In writing the script, all we need to do is to rewrite the continuous-time formulations above into discrete time. So, for example:
\(dI/dt = \sigma E - \gamma I\)
becomes
\(I_t - I_{t-1} = \sigma E_t - \gamma I_t\)
\(I_t = I_{t-1} + \sigma E_t - \gamma I_t\)
library(gridExtra)
##
## Attaching package: 'gridExtra'
## The following object is masked from 'package:dplyr':
##
## combine
First, we create our main function, called SIR. As input, we enter the population N, and the initial number of susceptible (S0), infected (I0), our bump-in parameter (beta), and our recovery rate (gamma), and the number of periods t.
So, walking through, we first initialise our vectors of S and I and set the initial conditions
Then we begin a loop through the time periods.
For each period (following 1) the number susceptible is equal to the previous periods susceptible minus those that have newly become infected.
The number infected is equal to the previous number plus our rate of new infections, less those that have recovered
The model exits early if the the number of infected or susceptible goes below 1 (basically, the case where the virus is eliminated from the population, either because everyone has already recovered or died, or because it has been completly eliminated through public health measures.)
We collect the series into a dataframe and then limit the values to those where S and I are above 0.
We add together the number infected and recovered/died at all time periods - these are those that are no longer susceptible
SIR = function(N, S0, I0, beta, gamma, t) {
S = numeric(t)
I = numeric(t)
S[1] = S0
I[1] = I0
for (i in 2:t) {
S[i] = S[i-1] - beta*S[i-1]/N*I[i-1] #1
I[i] = I[i-1] + beta*S[i-1]/N*I[i-1] - gamma * I[i-1] #2
if (I[i] < 1 || S[i] < 1) #3
break
}
df = data.frame(time=1:t, S=S, I=I, R=N-S-I)
df = df[S>1&I>1,] #4
df$AR = (df$I+df$R)/N #5
nr = nrow(df)
rate = df$I[2:nr]/df$I[1:(nr-1)] #6
df$rate = c(rate[1], rate)
return(df)
}
Then our plotting function:
plotSIR <- function(df) {
nr <- nrow(df)
p1 <- ggplot(df, aes(time, I))+geom_line()
p1 <- p1+ggtitle("No. of Infections")
p1 <- p1+geom_point(x=df[nr, "time"], y=df[nr, "I"], color="red", size=3)
p2 <- ggplot(df, aes(time, AR))+geom_line()+xlab("")
p2 <- p2 + ggtitle("Attack rate increases")
p2 <- p2 + geom_point(x=df[nr, "time"], y=df[nr, "AR"], color="red", size=3)
p3 <- ggplot(df, aes(time, S))+geom_line()
p3 <- p3 +ggtitle("Depletion of susceptibles")
p3 <- p3+ylim(0, max(df$S)) +
geom_point(x=df[nr, "time"], y=df[nr, "S"], color="red", size=3)
p4 <- ggplot(df, aes(time, rate))+geom_line()
p4 <- p4 + ggtitle("R")+ ylim(range(df$rate)+c(-.2, .2)) +
geom_hline(yintercept=1, color="steelblue", linetype="dashed")
p4 <- p4+geom_point(x=df[nr, "time"], y=df[nr, "rate"], color="red", size=3)

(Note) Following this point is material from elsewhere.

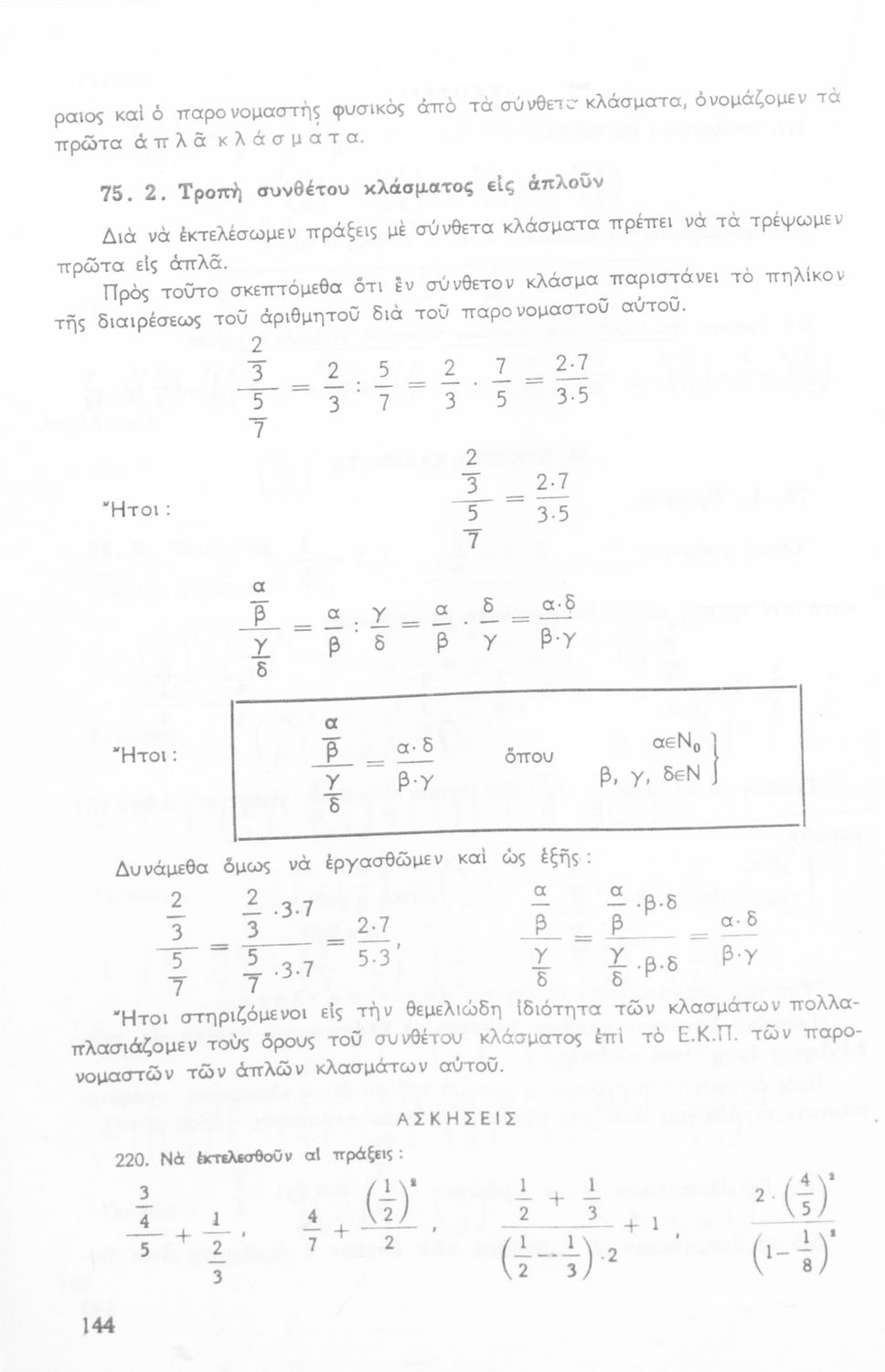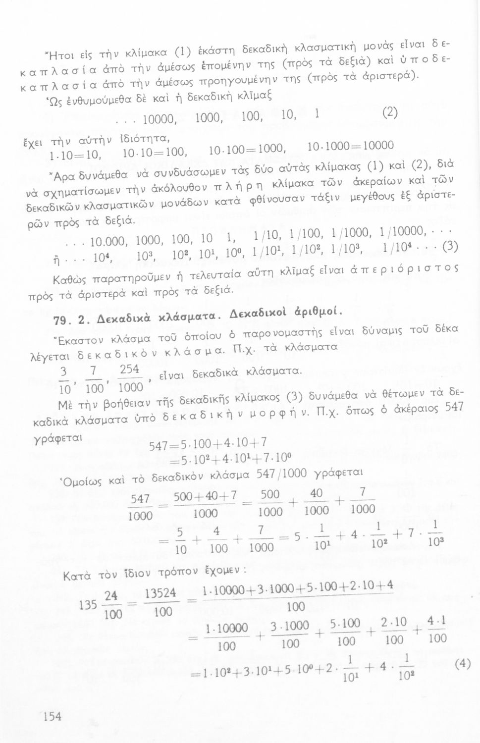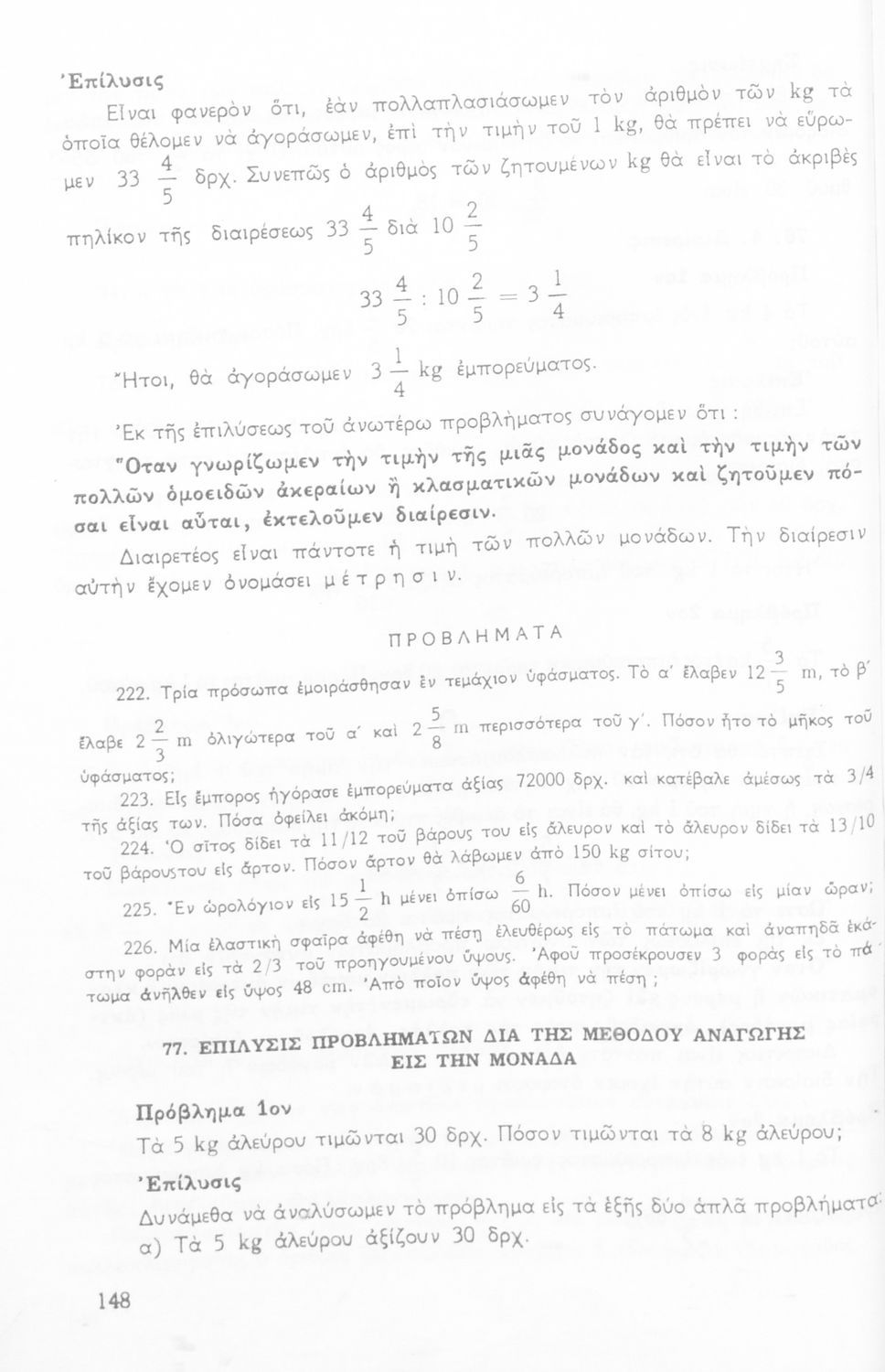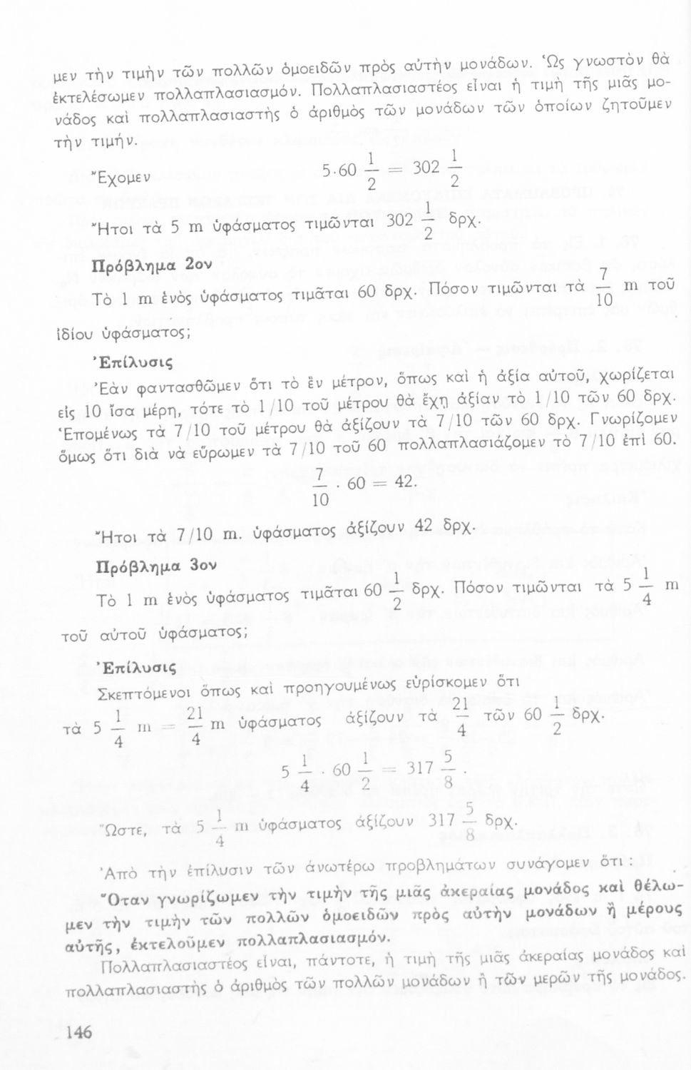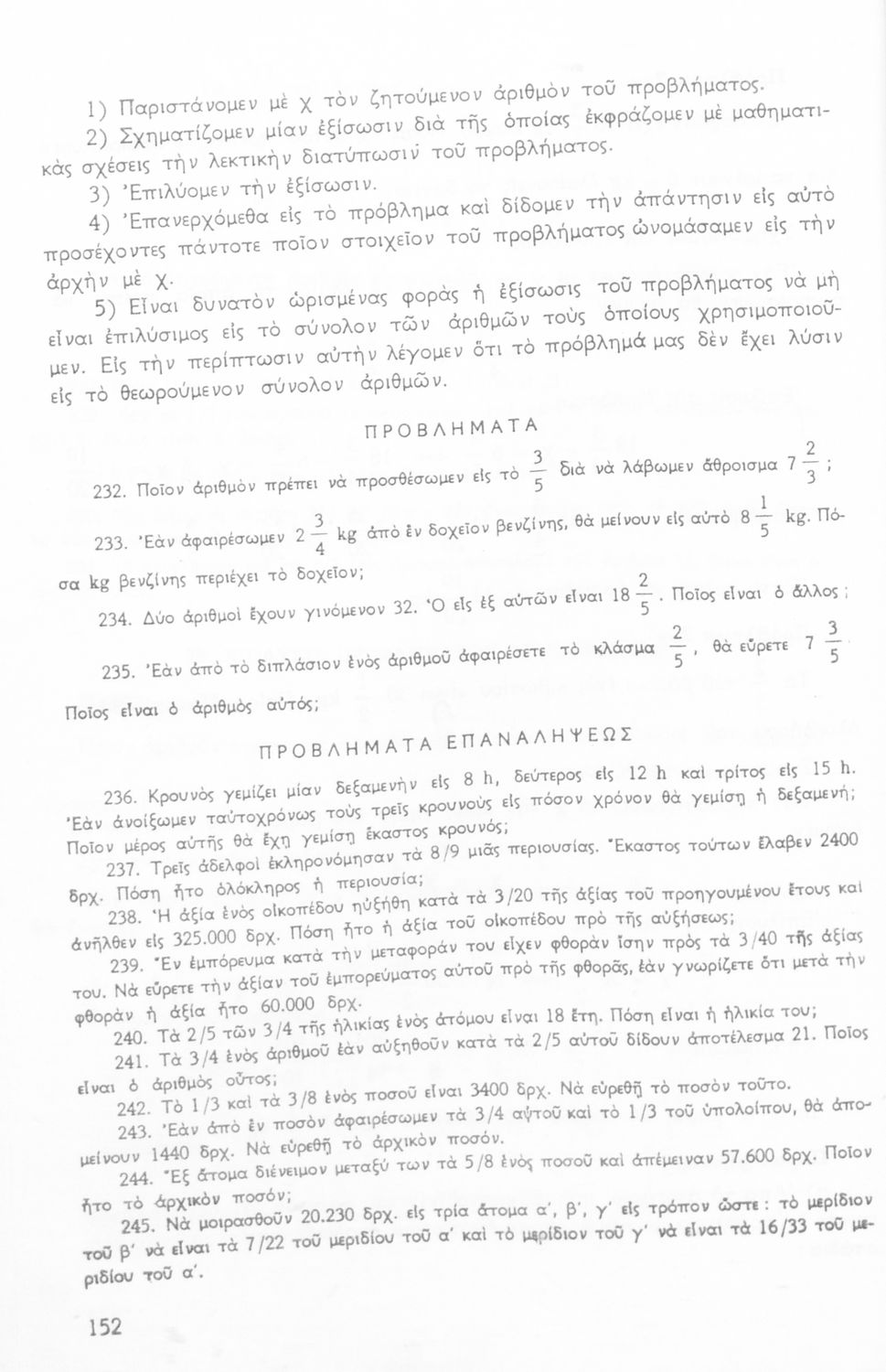 Σχολικό εγχειρίδιο Μαθηματικών Α' Γυμνασίου που περιέχει άλγεβρα με έμφαση στις αριθμητικές πράξεις με ακέραιους, δεκαδικούς και κλάσματα, και γεωμετρία με έμφαση στην επιπεδομετρία. Περιέχει και εισαγωγή στη θεωρία των συνόλων. Φέρει το σύμβολο της δικτατορίας.

grid.arrange(p1,p2,p3,p4, ncol=1)
invisible(list(p1=p1, p2=p2, p3=p3, p4=p4))
}
Finally, we can run our entire model with the given inputs:
Try playing with different values of beta, representing different social-distancing measures.
df <- SIR(1e6, 1e6-1, 1, beta=0.2, gamma=1/18, 300)
plotSIR(df)
The above model is extremely simple. The models that epidemeologists use are obviously going to be much more refined. To get a bit better sense of these models, we can use the R package EpiModel.
The following is based on a post on Tim Churches Health Data Science Blog
install.packages("EpiModel")
#type no when asked if you want to compile from binary version
library("EpiModel")
The thing to notice about the simple model that we started with, was that it was completly deterministic. That is, once we put in our parameters, it will produce exactly the same outputs each time it runs.
In reality, we know that there is lots of uncertainty involved. Not just uncertainty in the modelling of the actual contagion, but the way the contagion spreads is itself uncertain. Whether one person infects 1 or 2 or 3 has a lot to do with random factors–that they sneeze just as they are walking by a group of people.
The model we created above was also limited to assuming we have a single type of human, all of whom have identical risk factors. This is of course far from realistic.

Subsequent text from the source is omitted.